## Action item:
Print the data below verbatim, minus images.

[[ Given records open ]]

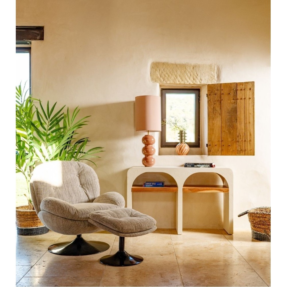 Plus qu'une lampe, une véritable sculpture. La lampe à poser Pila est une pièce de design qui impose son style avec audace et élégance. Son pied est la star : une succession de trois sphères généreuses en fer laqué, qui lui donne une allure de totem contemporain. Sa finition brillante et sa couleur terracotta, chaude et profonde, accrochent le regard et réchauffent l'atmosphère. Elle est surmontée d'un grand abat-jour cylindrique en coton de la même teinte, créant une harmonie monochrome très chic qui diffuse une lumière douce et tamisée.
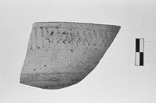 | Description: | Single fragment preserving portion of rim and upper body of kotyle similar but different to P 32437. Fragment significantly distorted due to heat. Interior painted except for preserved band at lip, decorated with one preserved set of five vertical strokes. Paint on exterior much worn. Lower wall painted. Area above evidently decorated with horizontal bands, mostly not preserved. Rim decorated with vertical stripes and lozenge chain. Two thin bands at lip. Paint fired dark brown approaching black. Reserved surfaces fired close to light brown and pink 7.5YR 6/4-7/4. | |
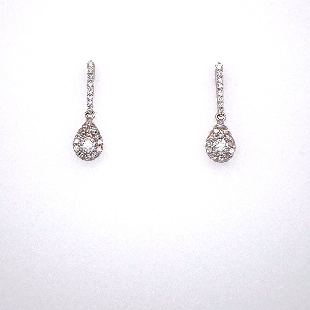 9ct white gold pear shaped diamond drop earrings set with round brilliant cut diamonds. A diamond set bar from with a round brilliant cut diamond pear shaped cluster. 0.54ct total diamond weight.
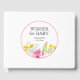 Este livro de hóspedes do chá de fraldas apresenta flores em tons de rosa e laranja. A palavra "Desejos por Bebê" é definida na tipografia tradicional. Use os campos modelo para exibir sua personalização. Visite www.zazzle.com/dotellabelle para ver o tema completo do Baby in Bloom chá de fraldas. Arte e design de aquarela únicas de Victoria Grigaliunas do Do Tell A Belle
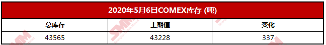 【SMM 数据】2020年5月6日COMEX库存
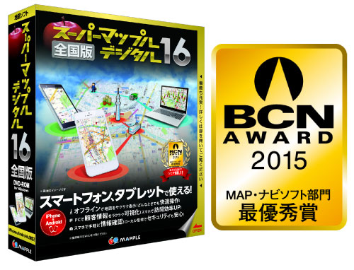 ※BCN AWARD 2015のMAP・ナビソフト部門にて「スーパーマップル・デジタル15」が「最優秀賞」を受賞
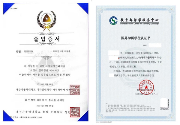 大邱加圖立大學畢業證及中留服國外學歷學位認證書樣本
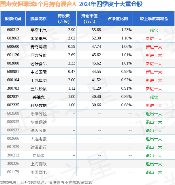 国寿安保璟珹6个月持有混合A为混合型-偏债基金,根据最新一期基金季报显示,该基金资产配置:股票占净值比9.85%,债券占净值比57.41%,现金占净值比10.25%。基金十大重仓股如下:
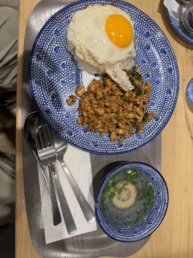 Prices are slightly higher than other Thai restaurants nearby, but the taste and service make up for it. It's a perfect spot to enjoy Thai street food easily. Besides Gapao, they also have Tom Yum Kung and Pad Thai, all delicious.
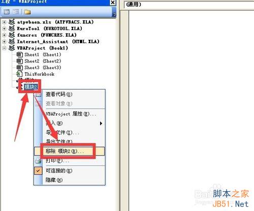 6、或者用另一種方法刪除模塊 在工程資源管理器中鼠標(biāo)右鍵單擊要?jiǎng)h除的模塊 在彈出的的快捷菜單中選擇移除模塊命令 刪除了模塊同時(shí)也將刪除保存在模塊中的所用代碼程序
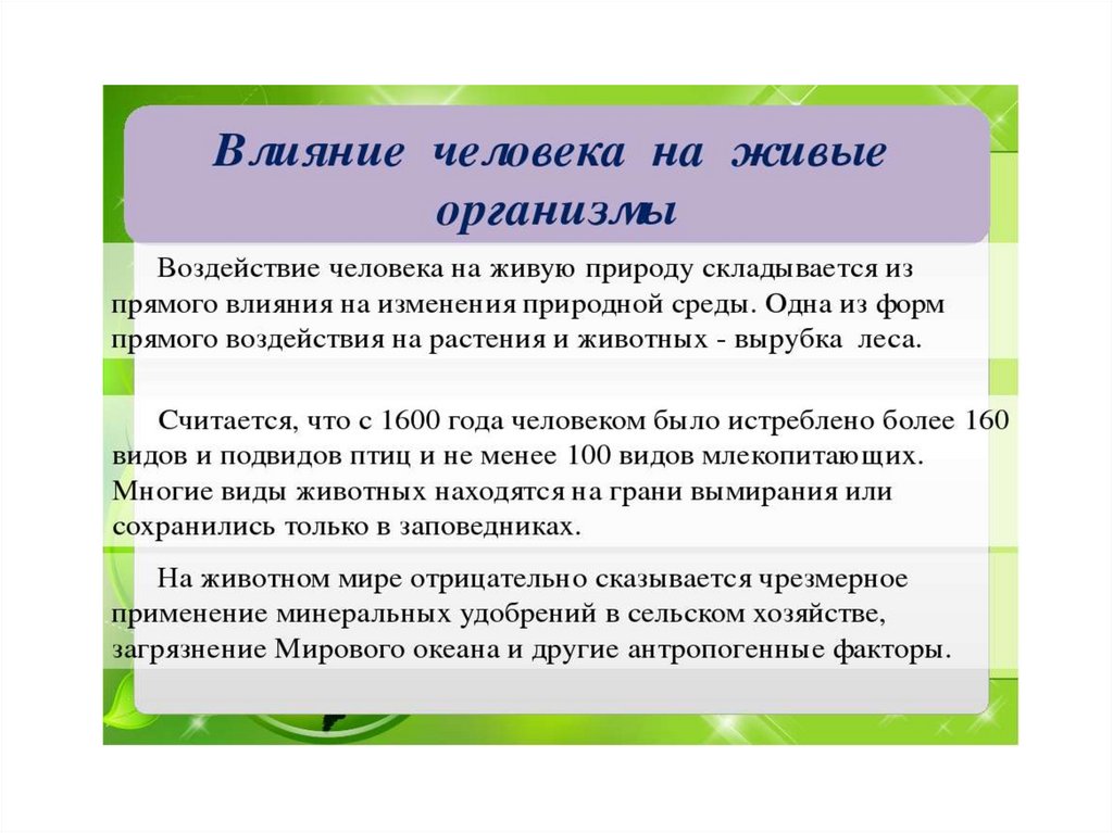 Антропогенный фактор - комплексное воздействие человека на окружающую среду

[[ Given records closed ]]

## Written answer:
 Plus qu'une lampe, une véritable sculpture. La lampe à poser Pila est une pièce de design qui impose son style avec audace et élégance. Son pied est la star : une succession de trois sphères généreuses en fer laqué, qui lui donne une allure de totem contemporain. Sa finition brillante et sa couleur terracotta, chaude et profonde, accrochent le regard et réchauffent l'atmosphère. Elle est surmontée d'un grand abat-jour cylindrique en coton de la même teinte, créant une harmonie monochrome très chic qui diffuse une lumière douce et tamisée.
 | Description: | Single fragment preserving portion of rim and upper body of kotyle similar but different to P 32437. Fragment significantly distorted due to heat. Interior painted except for preserved band at lip, decorated with one preserved set of five vertical strokes. Paint on exterior much worn. Lower wall painted. Area above evidently decorated with horizontal bands, mostly not preserved. Rim decorated with vertical stripes and lozenge chain. Two thin bands at lip. Paint fired dark brown approaching black. Reserved surfaces fired close to light brown and pink 7.5YR 6/4-7/4. | |
 9ct white gold pear shaped diamond drop earrings set with round brilliant cut diamonds. A diamond set bar from with a round brilliant cut diamond pear shaped cluster. 0.54ct total diamond weight.
 Este livro de hóspedes do chá de fraldas apresenta flores em tons de rosa e laranja. A palavra "Desejos por Bebê" é definida na tipografia tradicional. Use os campos modelo para exibir sua personalização. Visite www.zazzle.com/dotellabelle para ver o tema completo do Baby in Bloom chá de fraldas. Arte e design de aquarela únicas de Victoria Grigaliunas do Do Tell A Belle
 【SMM 数据】2020年5月6日COMEX库存
 ※BCN AWARD 2015のMAP・ナビソフト部門にて「スーパーマップル・デジタル15」が「最優秀賞」を受賞
 大邱加圖立大學畢業證及中留服國外學歷學位認證書樣本
 国寿安保璟珹6个月持有混合A为混合型-偏债基金,根据最新一期基金季报显示,该基金资产配置:股票占净值比9.85%,债券占净值比57.41%,现金占净值比10.25%。基金十大重仓股如下:
 Prices are slightly higher than other Thai restaurants nearby, but the taste and service make up for it. It's a perfect spot to enjoy Thai street food easily. Besides Gapao, they also have Tom Yum Kung and Pad Thai, all delicious.
 6、或者用另一種方法刪除模塊 在工程資源管理器中鼠標(biāo)右鍵單擊要?jiǎng)h除的模塊 在彈出的的快捷菜單中選擇移除模塊命令 刪除了模塊同時(shí)也將刪除保存在模塊中的所用代碼程序
 Антропогенный фактор - комплексное воздействие человека на окружающую среду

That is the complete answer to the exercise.